Sovereignty in international affairs

Sovereignty in international affairs: In such an aspect the notion of an independent sovereign State is, on the international side, fatal to the well-being of humanity. The way in which a State should live its life in relation to other States is clearly not a matter in which that State is entitled to be the sole judge. That way lies the long avenue of disastrous warfare of which the rape of Belgium is the supreme moral result in modern times. The common life of States is a matter for common agreement between States.

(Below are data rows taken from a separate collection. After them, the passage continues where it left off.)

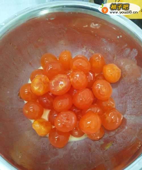 4第四步:将蛋黄上的剩余蛋清用清水冲洗一下,然后将适量的白酒倒入蛋黄上面腌10分钟左右,如下图所示。
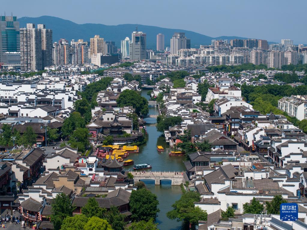 游客在南京夫子廟景區參觀游玩(6月12日攝,無人機照片)。
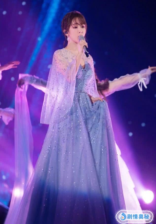 这一套蓝色系的长裙就像是90斤,而且款式也差不多,她身穿一件蓝色的半透纱裙,肩部与袖子都是透明的纱质面料,显得清透有灵气!还亲切的被粉丝们称为是锦觅本人现身了,在台上唱了一首《不染》,很衬意境。
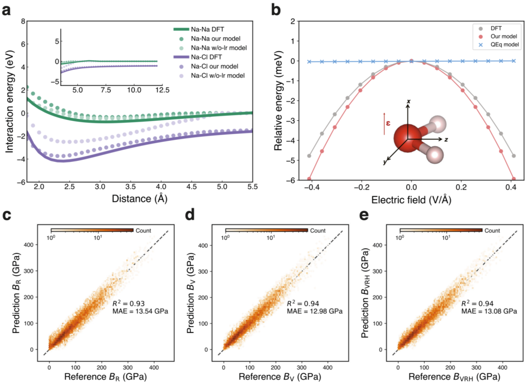 如图2所示,该模型在Na-Na与Na-Cl二聚体的相互作用能预测中,即使在截断半径之外仍能准确复现DFT势能面,而传统完全基于消息传递机制的 MLIPs模型则完全失效。此外,模型在水分子极化响应、超过一万种材料的体积模量预测等方面也表现出色。
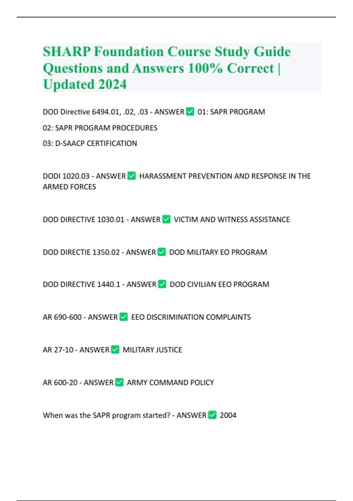 SHARP (Sexual Harassment Assault Response and Prevention) 2024 BUNDLED Exam Questions and Answers 100% Correct | Updated 2024 | WELL ILLUSTRATED
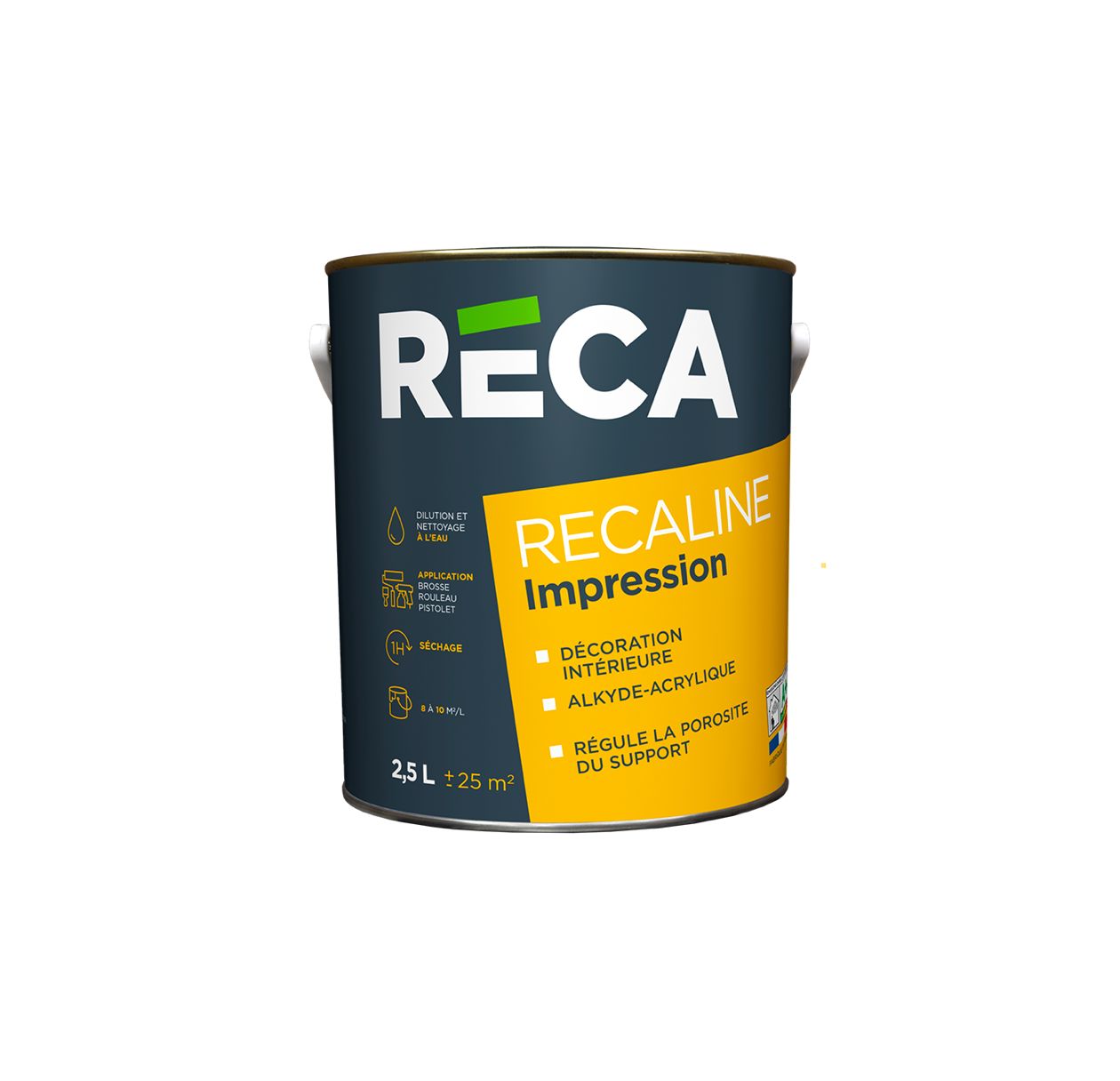 RECALINE IMPRESSION est une impression acrylique en phase aqueuse, spécialement conçue pour la préparation des supports intérieurs et extérieurs avant mise en peinture. Elle pénètre les fonds poreux, friables ou farinants, les fixe en profondeur et régule l’absorption du support, garantissant une adhérence optimale des couches de finition.
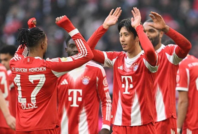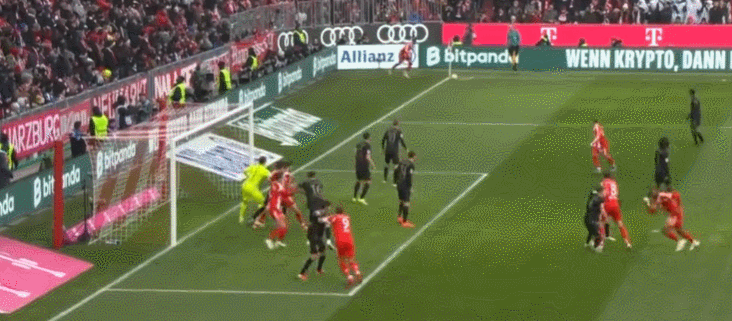 比賽第23分鐘,拜仁取得進球!奧利塞開出角球,伊藤洋輝頭球攻門,球進了!2分鐘后,迪亞斯在禁區左側起球傳中,卡爾后點包抄凌空射門,踢飛了。隨后,迪亞斯在禁區左側小角度射門被封堵出去。
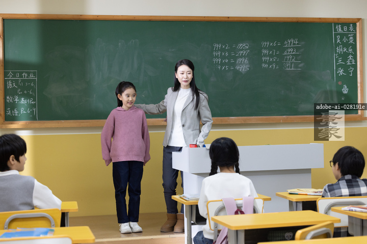 图片标题: 小学生教室里,一位青年老师请一名小学生站在讲台上发言
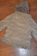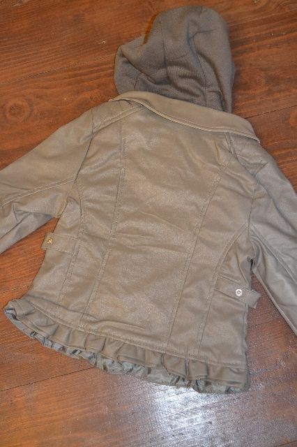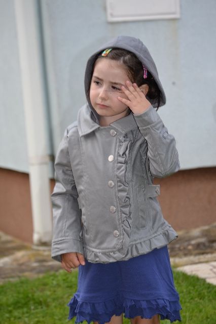 táto je sivá, skvelé detaily, volániky, pletená kapucňa sa dá odopnúť. rukáv je ukončený tak, že sa dá ohrnúť alebo nosiť v plnej dĺžke a prispôsobiť tak dĺžku...
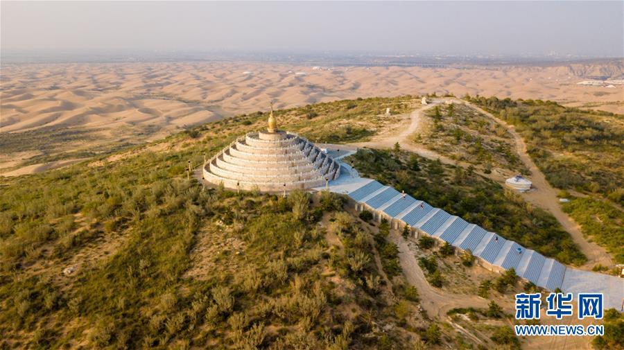 8月22日拍攝的中衛(wèi)市沙漠光伏產(chǎn)業(yè)園。 寧夏中衛(wèi)市位于騰格里沙漠南緣,歷史上曾長期被風(fēng)沙困擾,自然環(huán)境較惡劣。寧夏回族自治區(qū)成立后,中衛(wèi)市逐步實(shí)施草方格固沙、灌木林、喬木林防沙等生態(tài)治沙措施,取得良好效果。近年來,當(dāng)?shù)卦谏鷳B(tài)治沙的基礎(chǔ)上,積極“用沙”,通過在沙地上建設(shè)光伏電站,發(fā)展畜牧業(yè)、葡萄種植業(yè),并建設(shè)沙坡頭旅游景區(qū)等手段,充分改造、利用沙地,取得良好社會(huì)效益和經(jīng)濟(jì)效益。 新華社記者 劉軍喜 攝
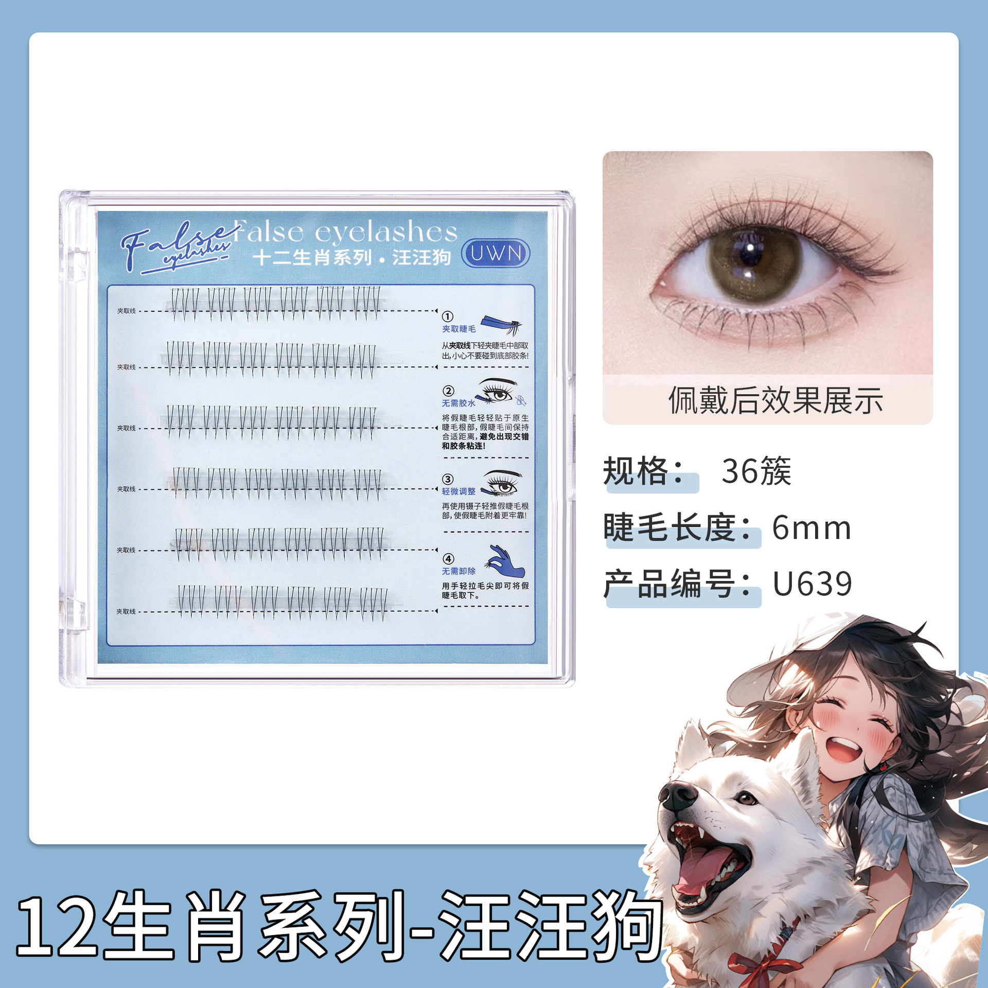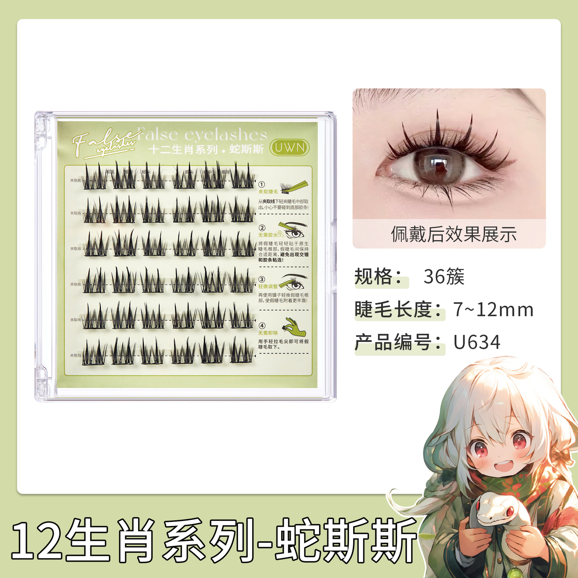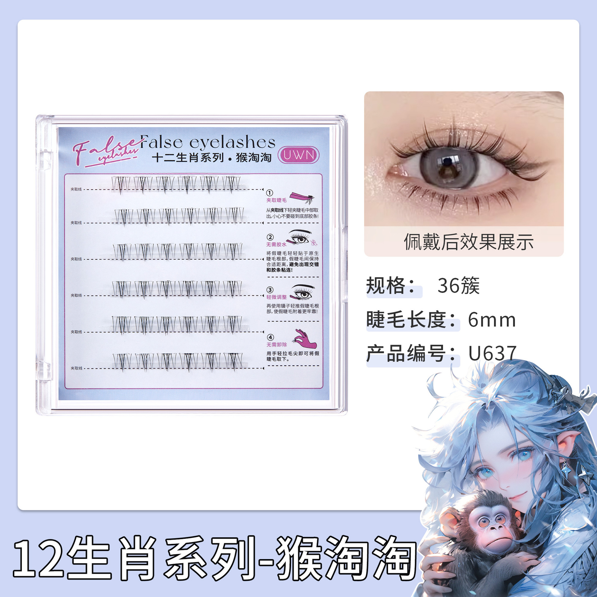 十二生肖系列免胶假睫毛单簇小恶魔浓密自然新手懒人自粘免胶睫毛
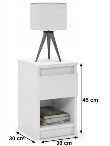 Szafka Nocna Biała z Szufladą i Półką 45x30 cm Stolik Nocny Regalik
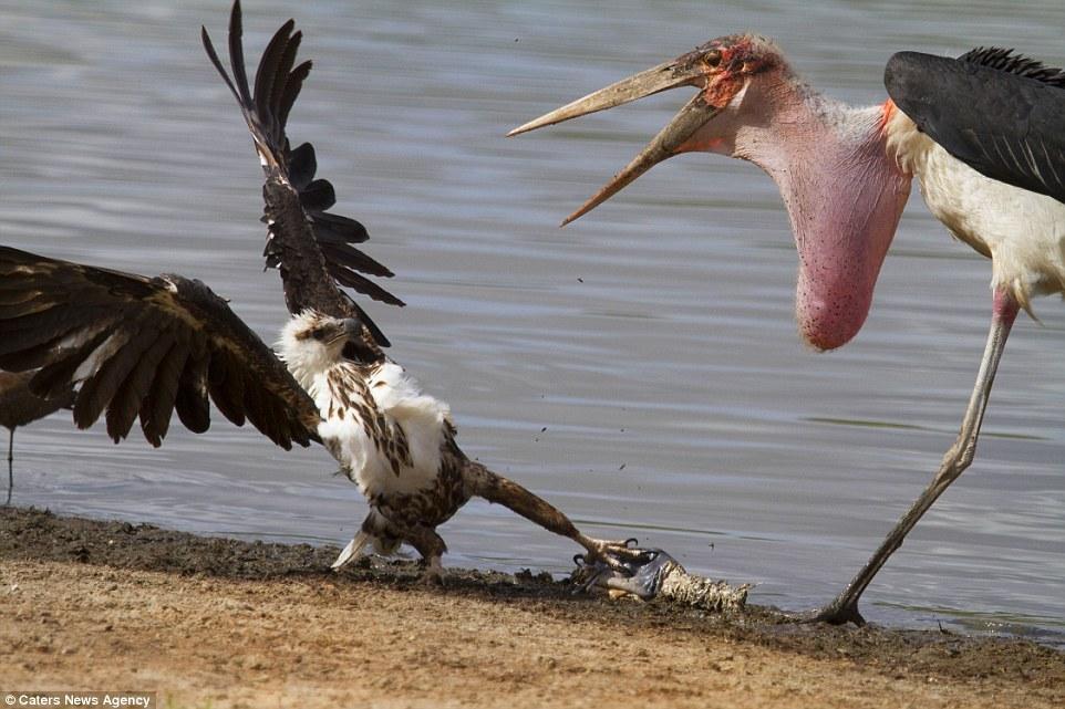 据每日邮报报道,非洲坦桑尼亚塞卢斯禁猎区的塔哥拉湖畔,近日“上演”了一场动物之间抢夺食物和尊严的罕见搏斗。狭路相逢的老鹰和秃鹳之间,为了争夺鲶鱼腐尸而针锋相对,两只大鸟频频过招,画面相当精彩。
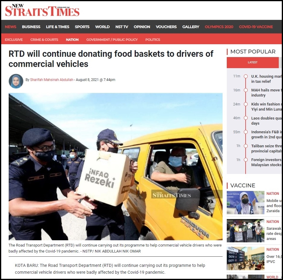 “The department was really concerned about the welfare of commercial vehicles drivers such as bus, lorry and rental car drivers. They have been affected due to the pandemic.
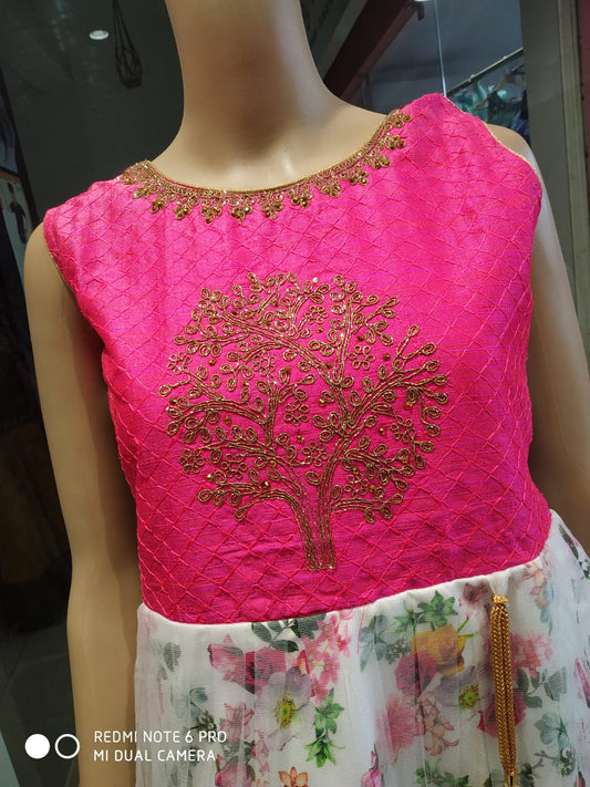 girls beautiful western classy frock , pink/green ( prbx 50)
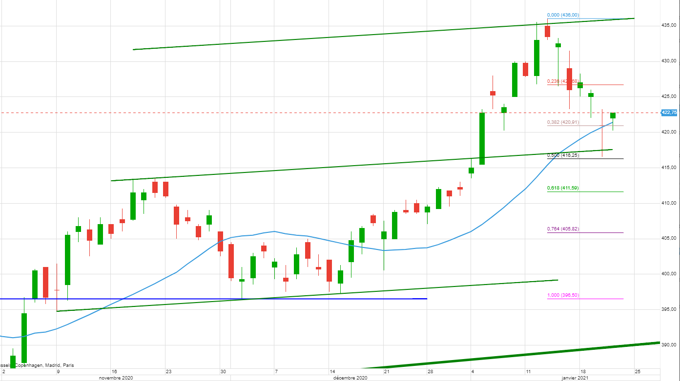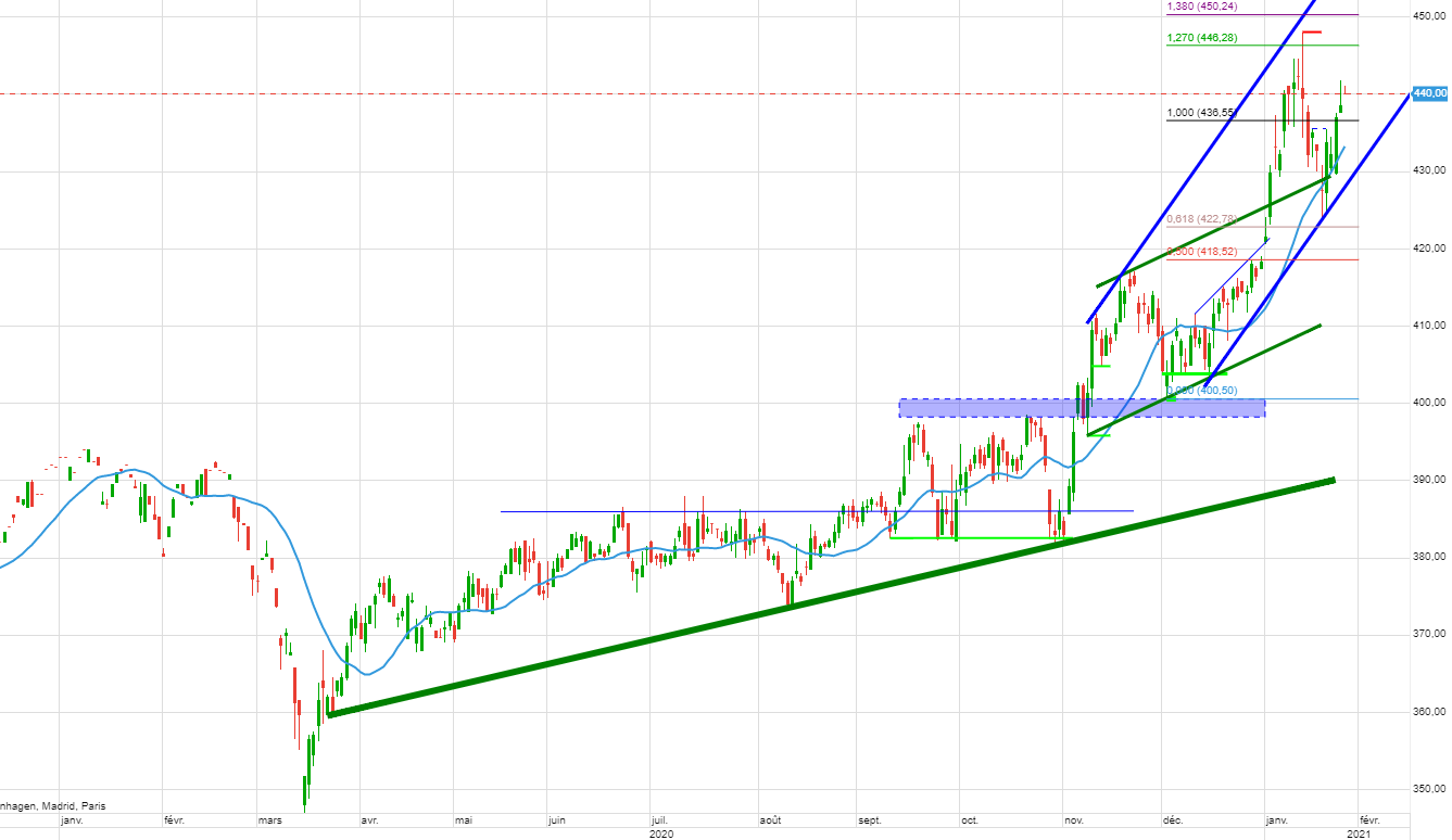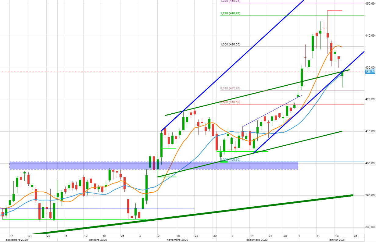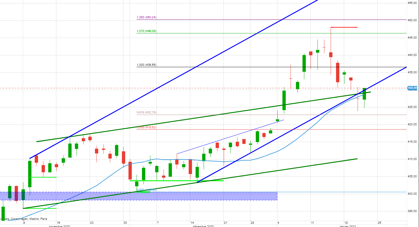 Les 1ers seuils à reprendre pour sécuriser ce rebond sont 1350(60) / 430.

International government is, therefore, axiomatic in any plan for international well-being. But international government implies the organized subordination of States to an authority in which each may have a voice, but in which also, that voice is never the self determined source of decision. How best to translate this conception into institutional terms is a matter to be discussed later. It is enough, for the moment, to postulate the disappearance of State sovereignty as the conditions without which the life of reason is impossible to States. England ought not to settle what armaments she needs, the tariffs she will erect the immigrants she will permit to enter. These matters affect the common life of peoples and they imply a unified world organized to administer them.

The argument against such a view as this is ultimately the argument of despair. It assumes that men will always love blindly the little platoon into which they are born and it forgets that irrational passion now plays with instruments too dangerous to be called into use. No one doubts that it is a difficult task to fit the interests of the world into institutions which can express its needs.

But no one can read the history of States which have regarded their private welfare as the supreme end without the sense that the outlawry of the power of exclusive decision is the most urgent need before us. If men are to live in the great society, they must learn the habits of co-operative intercourse.

They must learn to think of their platoon as a part of the great regiment of man, kind. They must grow accustomed to sinking immediate and temporary good for the lasting benefit which comes from peace. For, at least over a long period, the victories won in international intercourse by violence are rarely of permanent value. Germany did not gain by the annexation of Alsace Lorraine in 1871 Austria did not profit by her sovereignty over Bosnia and Herzegovina.

The traditions established by conduct of this kind are, ultimately, as materially fatal as they are morally disastrous. They are built upon the notion that the State is sovereign as against other States. They assume, as Hobbes said, that the hinterland between organized peoples is a bellum ommium contra omnes. That assumption is a betrayal of the reason which distinguishes man from his animal kindred or, rather, it is to devote that reason to ends which would destroy the distinction between man and the brute.

The fact that in the great society actions ramify until Tokyo and Paris become cities of a single community implies the organization of Statehood for that community. In a world State, however it be built, and whatever the measure of decentralization that obtains, there is no room for separate sovereign-ties. Those functions Which influence the life of the great society must be subject to the common and concerted decision of men.